As part of The DC Project's initiative to bring awareness to survivors of gun violence in America, we here at Mom-At-Arms have reached out to many throughout the nation to share their stories of survival and WHY they choose to be their own first responder. These Gun Violence Survivors you'll be hearing from are not the ones you'll hear about in the mainstream whirlwinds that Gun Control groups own and push. Why?

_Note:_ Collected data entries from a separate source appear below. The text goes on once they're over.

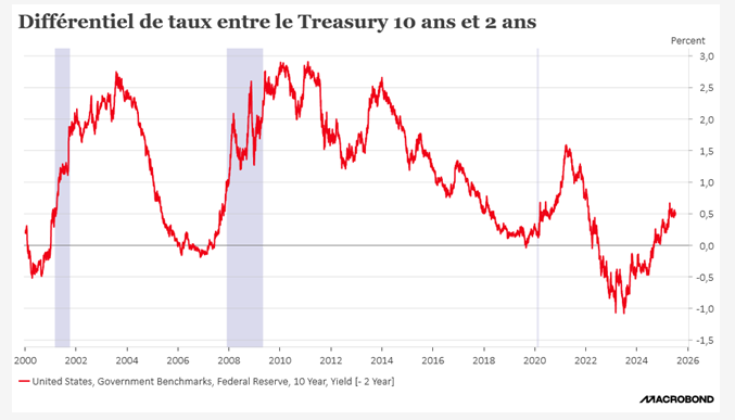 Ook interessant is dat de rentecurve steiler wordt, gezien het verschil tussen het rendement op 2- en 10-jaars Treasuries.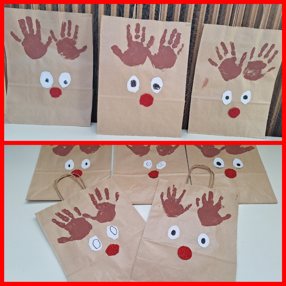 Διακοσμούμε τις χάρτινες τσάντες και τοποθετούμε για να τοποθετήσουμε τις κατασκευές μας………………..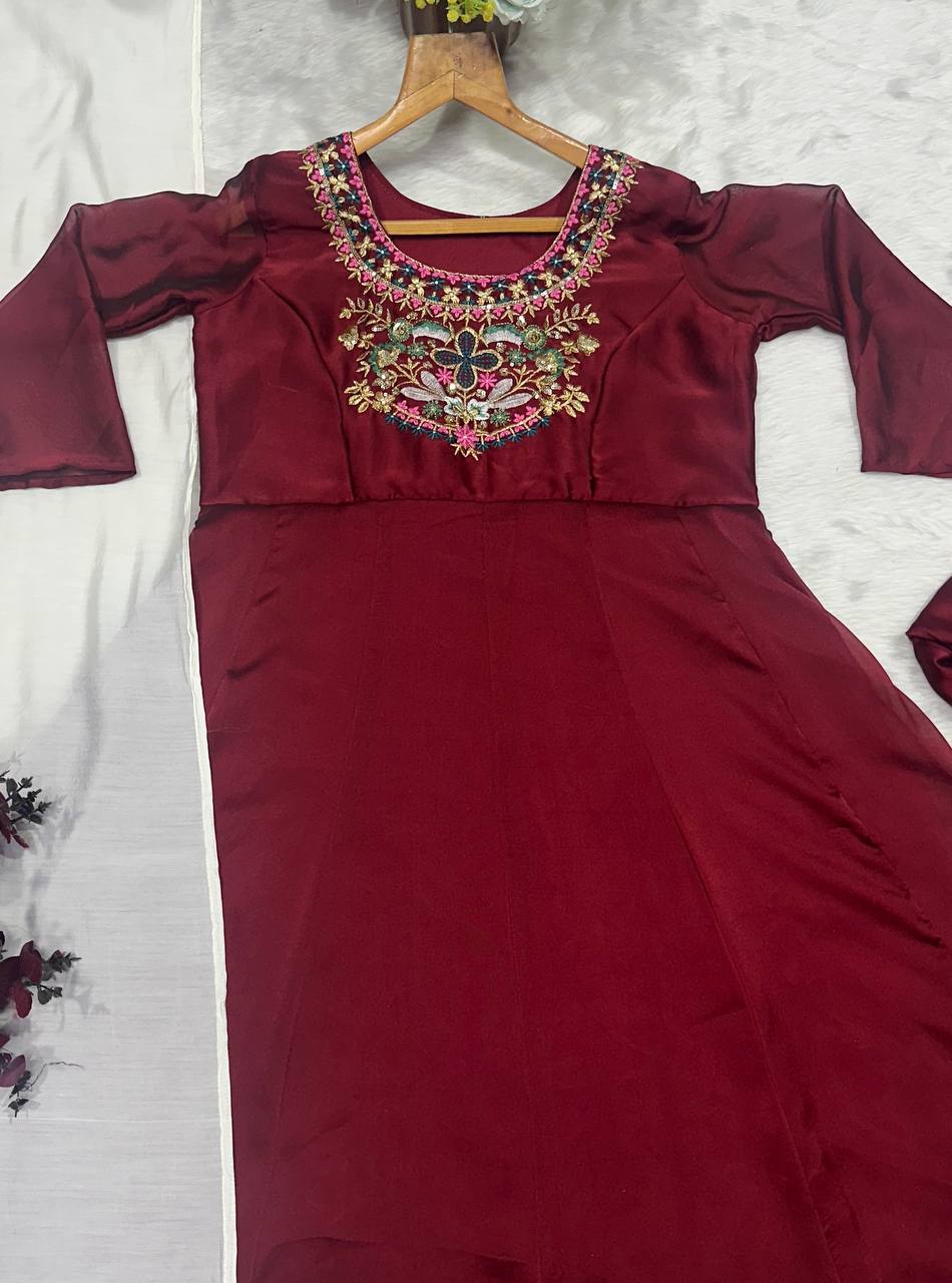 Ravishing Maroon Color Thread Embroidered Anarkali Suit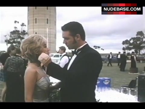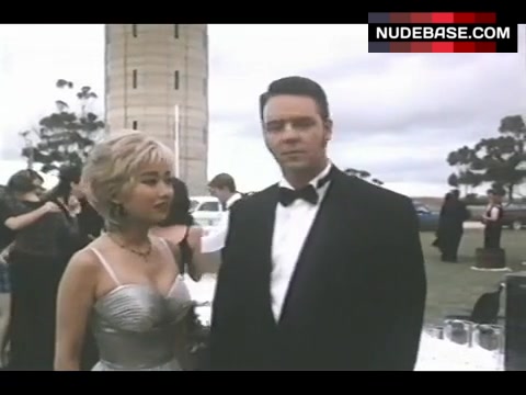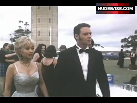 In this scene from the drama "Heaven's Burning" (1997) Youki Kudoh shows cleavage.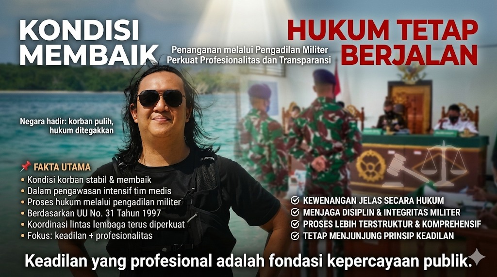 Sejalan dengan itu, pemerintah bersama Tentara Nasional Indonesia (TNI) terus menunjukkan komitmen kuat dalam memastikan penanganan kasus berjalan secara profesional, transparan, dan akuntabel. Koordinasi lintas lembaga, termasuk dengan aparat penegak hukum dan lembaga terkait, terus diperkuat guna menjamin setiap tahapan proses berjalan sesuai ketentuan.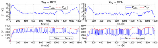 Temperature profile (upper panel) and HVAC power profile (lower panel) resulting from using the IETM controller with a reference temperature of 18 °C (left hand) and 27 °C (left hand) in driving scenario 1.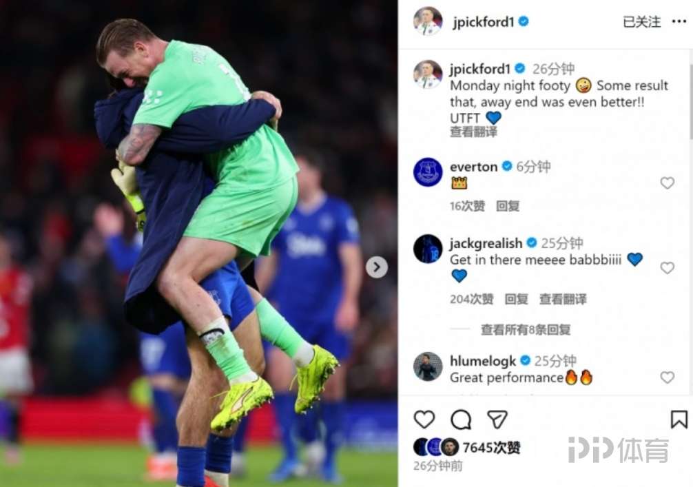 皮克福德社媒曬出慶祝的照片,配文:“周一足球之夜,這樣的結(jié)果太棒了,客場(chǎng)看臺(tái)的氛圍更是無(wú)敵,加油埃弗頓!”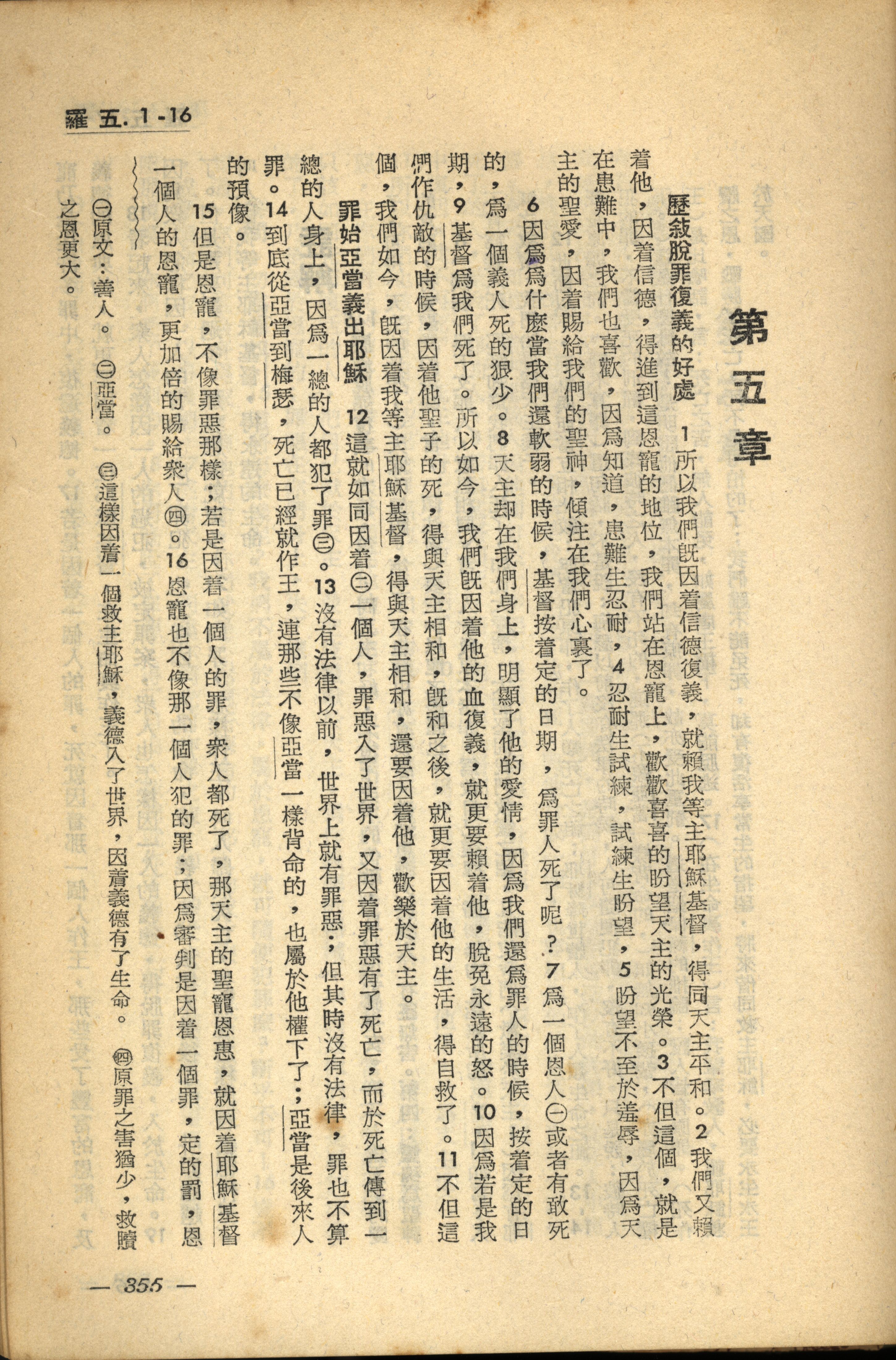 1956年新经全集 罗马书 5 章 1 节到 5 章 16 节

Because these Survivors of Gun Violence are Pro Gun... and... they want to be heard.
Meet Elizabeth Santiago. At 15 years old, her life was changed drastically by a person with a gun. Now, she fights to make sure others know the truth about firearms.
On the 26th Anniversary of Elizabeth's tragic shooting, we are honored to share her story as the first in our continuous category through Mom-At-Arms, called, "The Survivor Series."
You can read her story, in her words, below.
"You often hear of gunshot wound survivors becoming gun control advocates. And many would expect someone like me, who’s life was drastically changed by it, to be one as well. But due to my upbringing I have a slightly different take on things. This is my story.
In the spring of 1994, Sacramento, Ca. was a cesspool of violence and crime. Carjackings were an everyday occurrence. My father's worst fears were brought to life the night he got a pounding on the door around 11:30pm and was told that his 15 year old daughter had been shot.
I was leaving the movie theater that was just a few blocks away, when a man with a gun approached the vehicle I was riding in. I was in the backseat of a 1980 Cutlass Supreme that was fitting for the time. My sister and I were trapped in the backseat.
The man pistol whipped the driver and said, “put the keys in the ignition and get the f*** out”! Disoriented, the driver dropped the keys to the floorboard. The man then shot into the car striking me once in my right side. I was on top of my sister when my whole body went limp.
I can still hear my sisters screams over the ringing in my ears. He yelled for us to get out. She shouted back “she can’t move... you shot her”! So he reached in, grabbed me by my arm and flung my 98lbs body to the concrete. My sister jumped out and the gunman sped off in the car.
My sister was frantically trying to find the bullet wound and I just kept telling her my stomach was burning and I couldn’t move my legs. Our friend picked me up and took me back into the theater because the gunman was not alone. There was another car with him.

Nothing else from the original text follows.